基于能量理论的深埋矿山矿柱尺寸设计方法

Pillar Size Design Method for Deep Mine Based on Energy Theory

随着资源开发步入深部开采阶段,深埋矿山开采过程中的动力灾害问题日益突出,传统静力稳定分析方法在应对这些问题时表现出一定的局限性,研究适用于深部矿山的矿柱尺寸设计方法意义重大。本文基于面积承载理论和金属矿山矿柱强度估算方法,以一种动态的视角,从功能转换角度探讨了瞬间回采方式下的矿柱应变能积聚和转化特征,对地下矿体阶段性分层回采这一过程进行简化,提出一种基于可释放能理论的适应不同分层钻爆开挖方式下的矿柱尺寸参数设计方法;依托某工程实例,应用能量法,并与传统强度理论方法进行比较分析,据此建议5组矿柱尺寸参数方案;利用有限差分软件(FLAC3D)对此5种参数方案优化,最终确定了合理的矿柱尺寸设计值。结果表明:矿柱体受动态开挖作用将产生动力响应,诱发产生的动应力和动态变形可达静力分析时的两倍,同时伴随大量能量的积聚;与传统强度计算理论相比,应用能量法可有效地避免快速回采情况下矿柱动力失稳的可能,设计得到的矿柱尺寸参数更偏保守,随着开挖分层数的增多,能量法逐渐趋于和强度静力法等价。经数值模拟优化比选,最终建议该工程矿体分3层回采,矿柱合理宽度为22 m,高度为70 m,基本上可以满足回采过程中安全稳定和经济效益的需求,与工程实际契合较好。

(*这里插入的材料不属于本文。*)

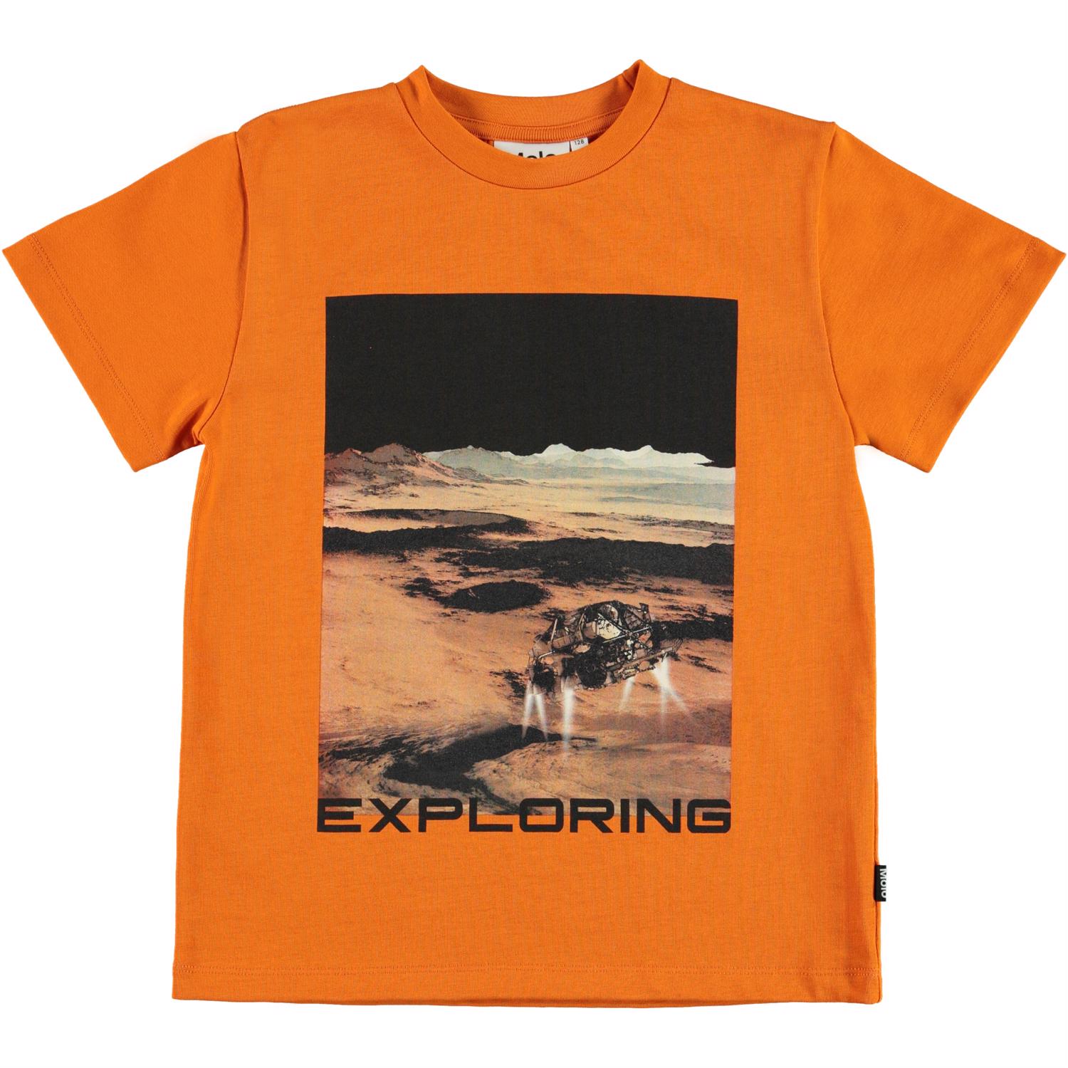 Roxo is an orange t-shirt with a print of Mars and the text 'Exploring' on the front.
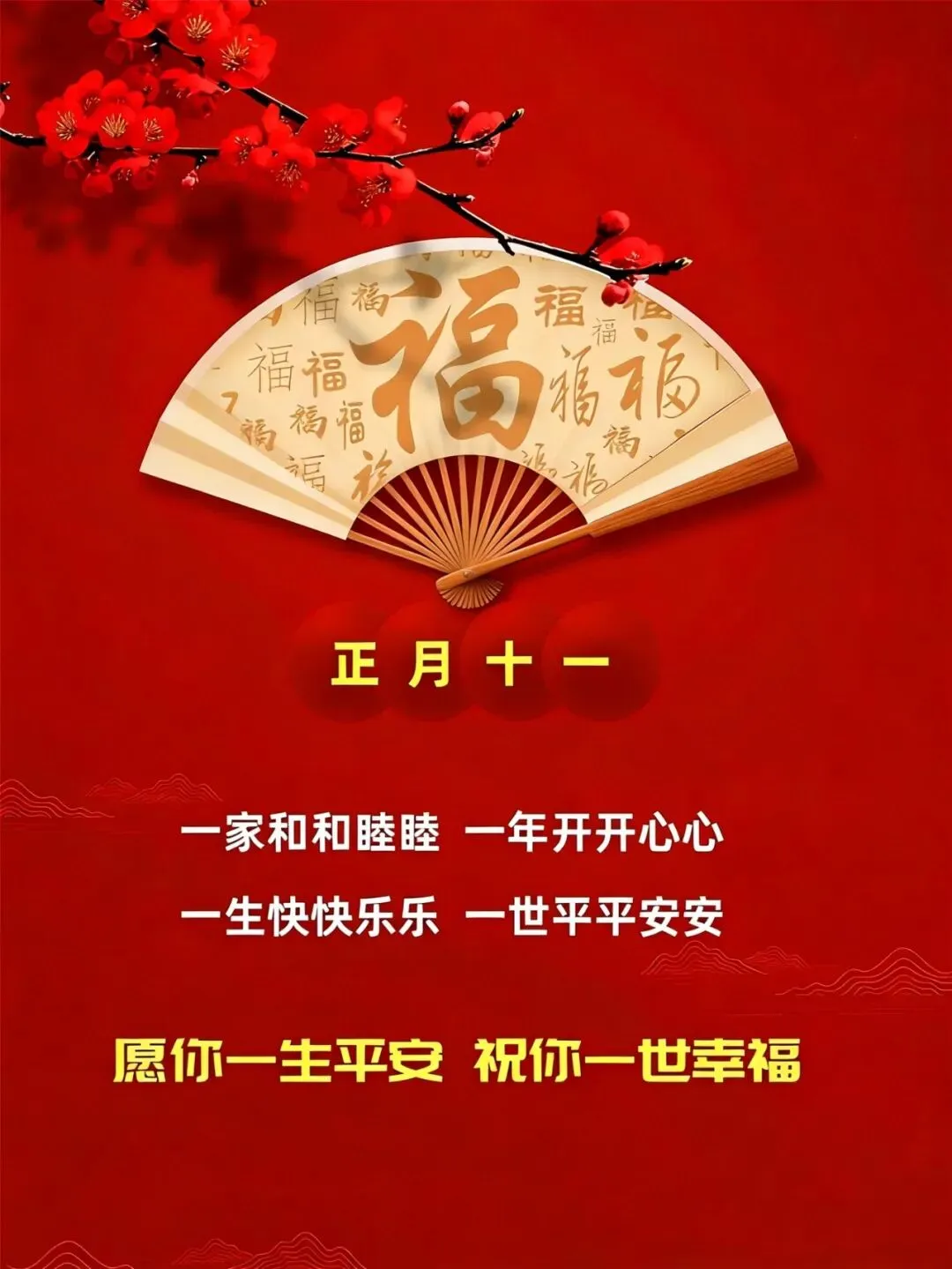 今天是正月十一,愿你一家,都和和睦睦,一年,都开开心心,一生,都快快乐乐,一世,都平平安安,天天都信心十足,月月都精神百倍,年年都顺风顺水,世世都顺心顺意!
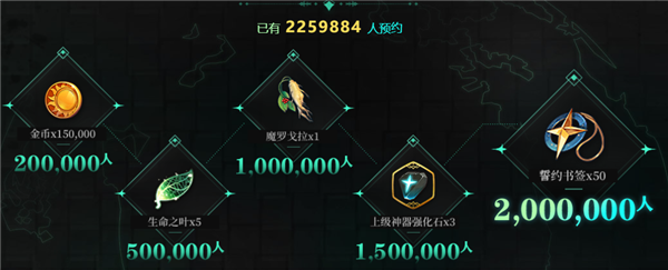 截止我发文前,游戏已有2259884人预约,超过了游戏前期的最高预约目标200W。所以我们能够得到的国服预约奖励一共有15W金币、生命之叶*5、魔罗戈拉*1、上级神器强化石*3、誓约书签*50。
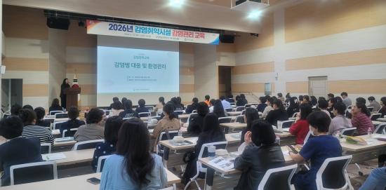 [½Åµ¿¾Æ¹æ¼Û °æ³²ÁøÁÖ=±è¸í¼ö±âÀÚ] ÁøÁֽú¸°Ç¼Ò´Â 14ÀÏ »óÆòº¹ÇÕ¹®È­¼¾ÅÍ 3Ãþ ÄÁº¥¼ÇȦ¿¡¼­ °ü³» ¿ä¾çº´¿ø°ú Á¤½ÅÀÇ·á±â°ü, ³ëÀÎ ÀǷẹÁö½Ã¼³, Á־߰£ º¸È£½Ã¼³ µî °¨¿° Ãë¾à ½Ã¼³ 90°÷ÀÇ °¨¿°°ü¸®ÀÚ 100¿© ¸íÀ» ´ë»óÀ¸·Î ¡®°¨¿°º´ ¿¹¹æ¡¤¿ª·®°­È­ ±³À°¡¯À» ½Ç½ÃÇß´Ù.¡¦
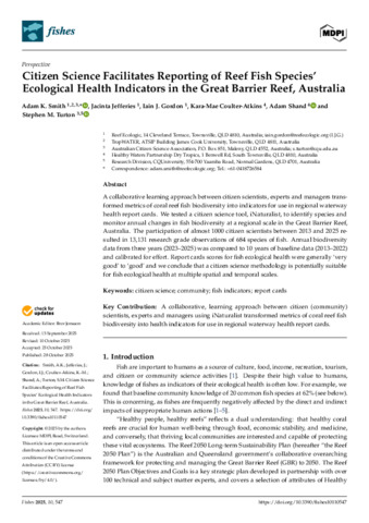 Smith, Adam K., Jefferies, Jacinta, Gordon, Iain J., Coulter-Atkins, Kara-Mae, Shand, Adam, and Turton, Stephen M. (2025) Citizen Science Facilitates Reporting of Reef Fish Species’ Ecological Health Indicators in the Great Barrier Reef, Australia. Fishes, 10 (11). 547.
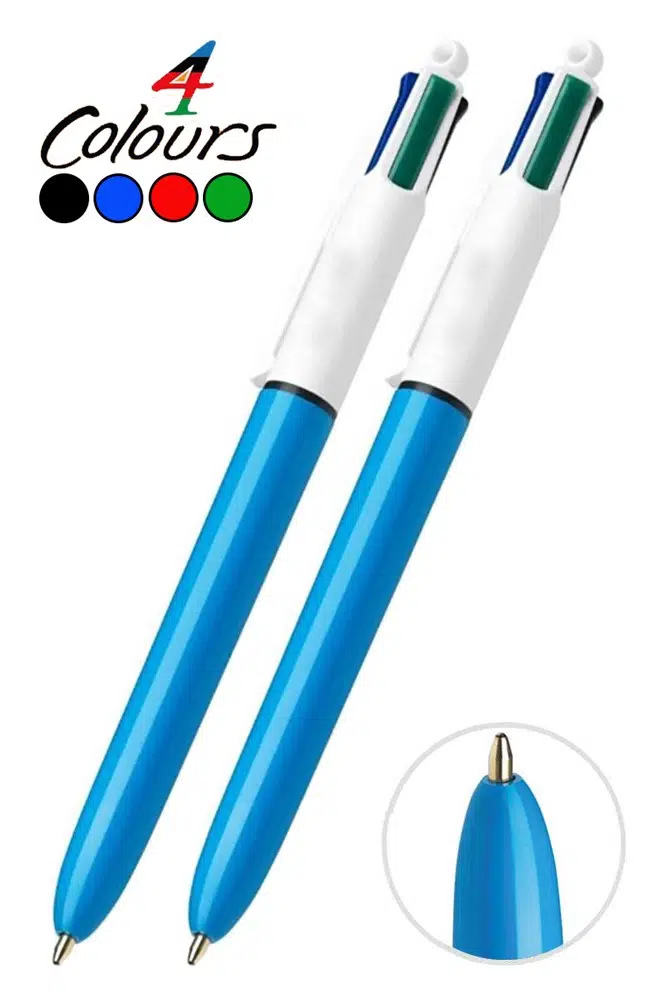 Ürün Adı: 4 Renk Tükenmez Kalem 2 Adet Bic Dört Renk Tükenmez Kalem Siyah Mavi Kırmızı Yeşil Basmalı Yaylı Otomatik Büro Ofis Okul
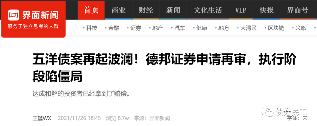 根據(jù)界面新聞2021年12月20日的報(bào)道,最高人民法院于12月13日駁回了德邦證券的“五洋債”再審申請(qǐng)。
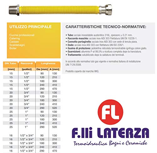 EMIPIU' TUBO GIUNTO FLESSIBILE ESTENSIBILE ACCIAIO INOX PER GAS RISCALDAMENTO 1/2" DN 15 L. 240 x 410 mm Tubo Gas a Norma UNI 11353:2010 - MADE IN ITALY
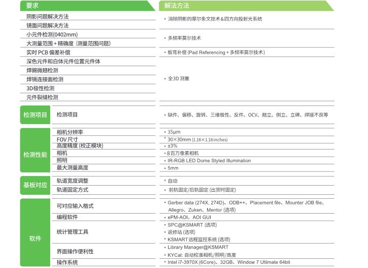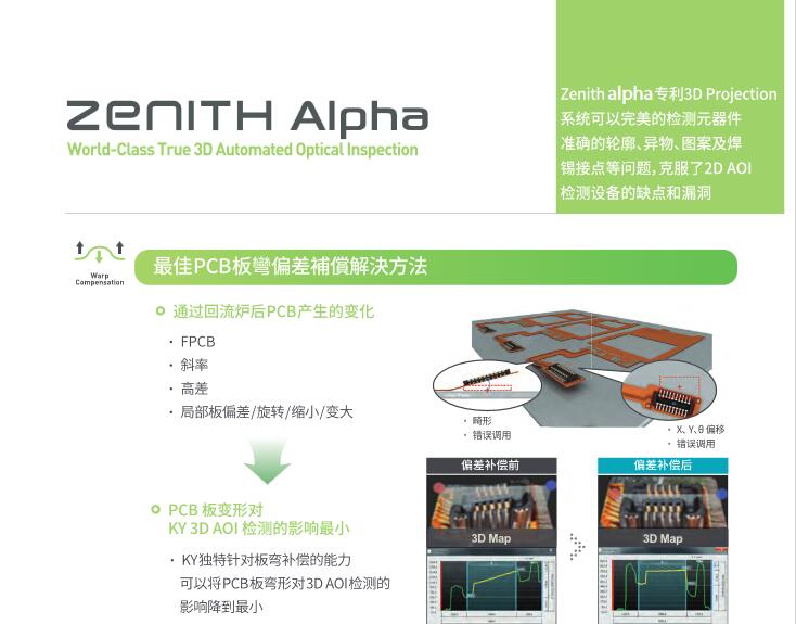KOH YOUNG Zenith Alpha 3D AOI 利用Koh Young人工智能專利技術(shù)提高3D檢測性能 可適用于復雜產(chǎn)線的高速檢測 性價比好的設(shè)備 可檢測高元器件(Alpha HS+) 基于人工智能技術(shù)的3D幾何自動編程(KAP) KSMART 解決方案:基于全3D檢測的監(jiān)控系統(tǒng)
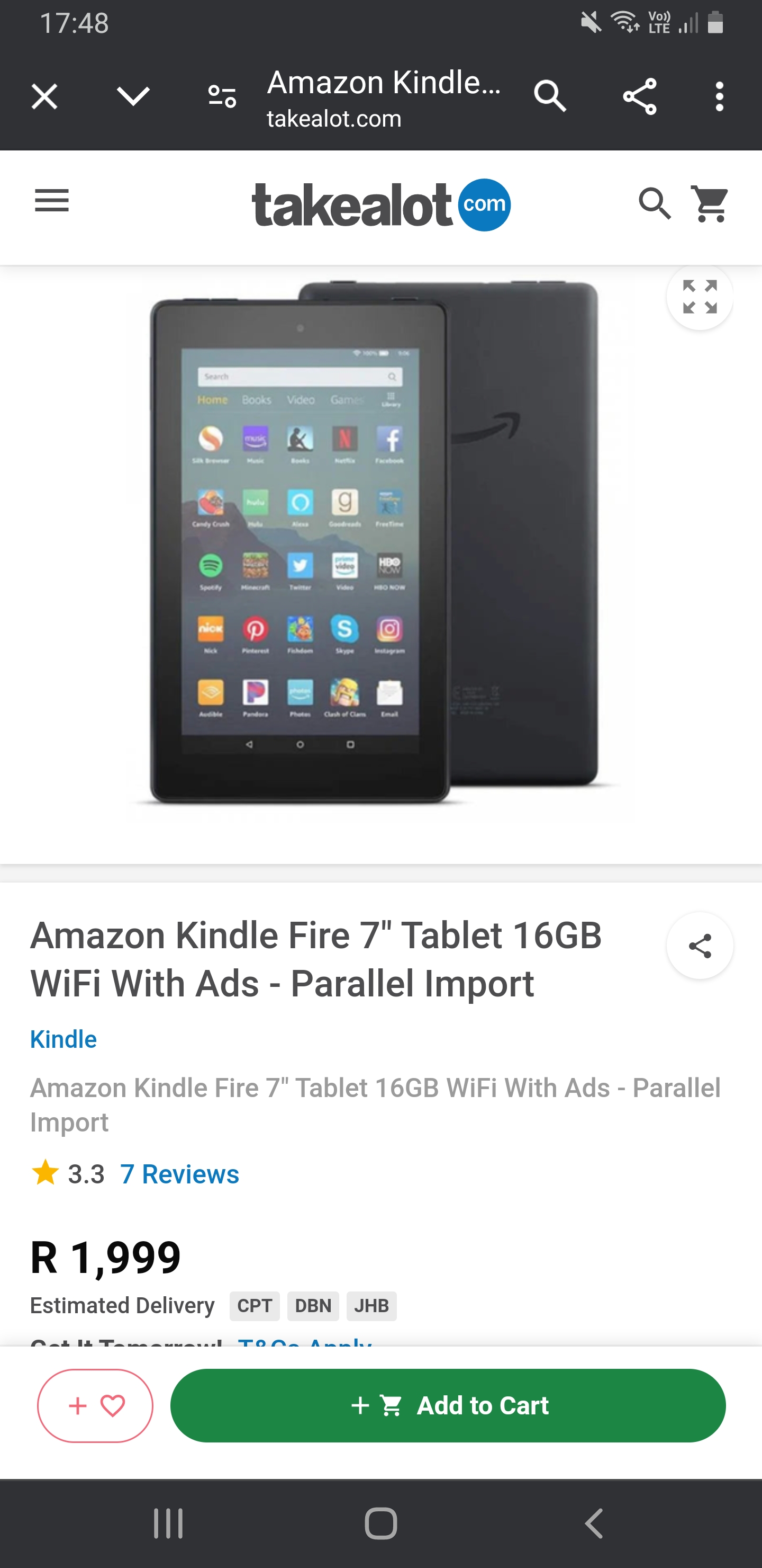 Amazon kindle fire 7 tablet. More details:Intention - For SalePrice - 900.0Region - GautengCity - Roodepoort
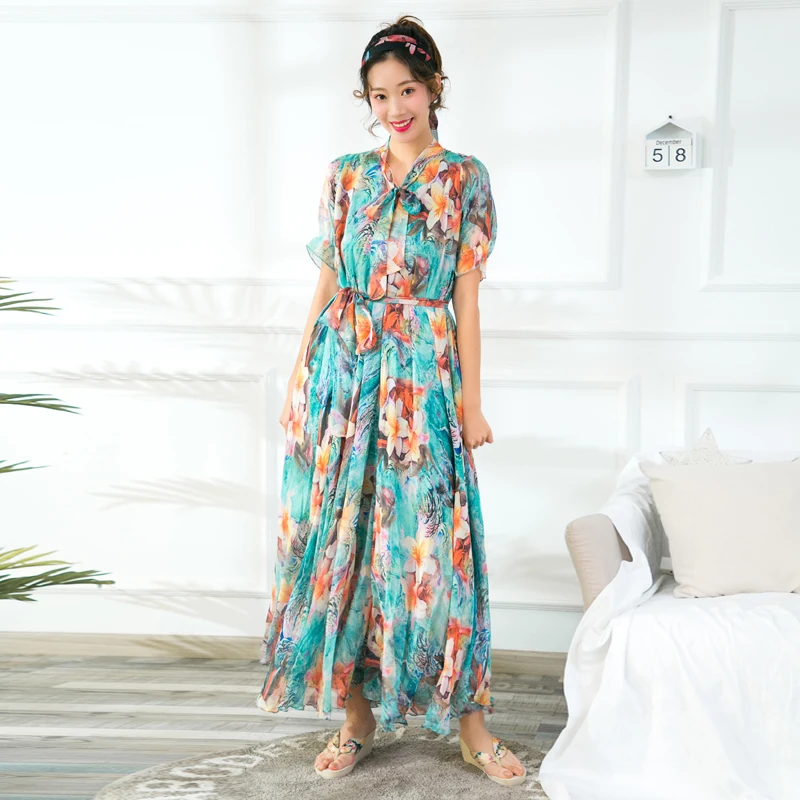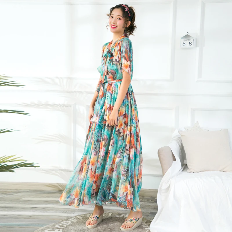 2020 Vintage New Patterns Women Long Chiffon Printed Beach Dresses Party Wedding Guest Party Long Dress Patterns
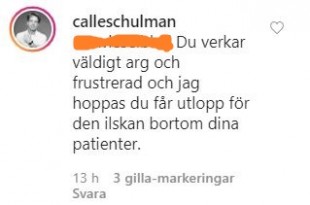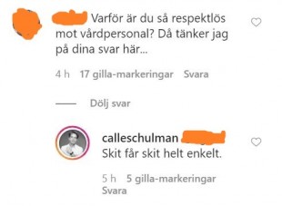 Schulmans kommentar får hård kritik. ”Fult skrivet av dig. Skäms” skriver en användare, ”Rutten människa som skriver så till någon som jobbar i vården” skriver en annan. ”Någon som jobbar i vården. Hahah” svarar Schulman.

With the development of resources entering the stage of deep mining,the problem of dynamic disasters in the mining process of deep buried mines has become increasingly prominent.When dealing with these problems,the limitations of traditional static stability analysis methods are shown,and it is of great significance to study the design method of pillar size suitable for deep mines.Based on the area bearing theory and the method of estimating pillar strength in metal mines,the characteristics of the pillar strain energy accumulation and transformation under the instantaneous mining method were mainly discussed through the dynamic functional transformation relationship.The process of staged stratified mining of underground ore bodies was simplified,and a design method of pillar size parameters based on the theory of releasable energy was proposed to adapt to different stratified drilling and blasting methods.Relying on an engineering example,the energy method was applied and compared with the traditional strength theory method.Then,five groups of pillar size parameter schemes were proposed,which were further optimized by finite difference software(FLAC3D)to finally determined the reasonable pillar size design value.The research results show that a certain degree of dynamic response occurs inside the mine pillar under the action of dynamic excavation,while the dynamic stress and dynamic deformation that can be twice as high as that of the static analysis were also generated,and a large amount of energy was accumulated at the same time.Compared with the traditional strength calculation theory,by applying the energy method,the possibility of dynamic instability of the pillar in the case of rapid mining can be effectively avoided,and more conservative pillar size parameters were designed.As the number of excavation layers increases,the energy check method gradually tends to be equivalent to the strength static method.After optimization and comparison through numerical simulation,a plan of mining in three times,the width of the mining pillar is 22 m,and the height of 70 m was proposed,which can basically meet the needs of safety,stability and economic benefits during the mining process,and it is in good agreement with the actual engineering.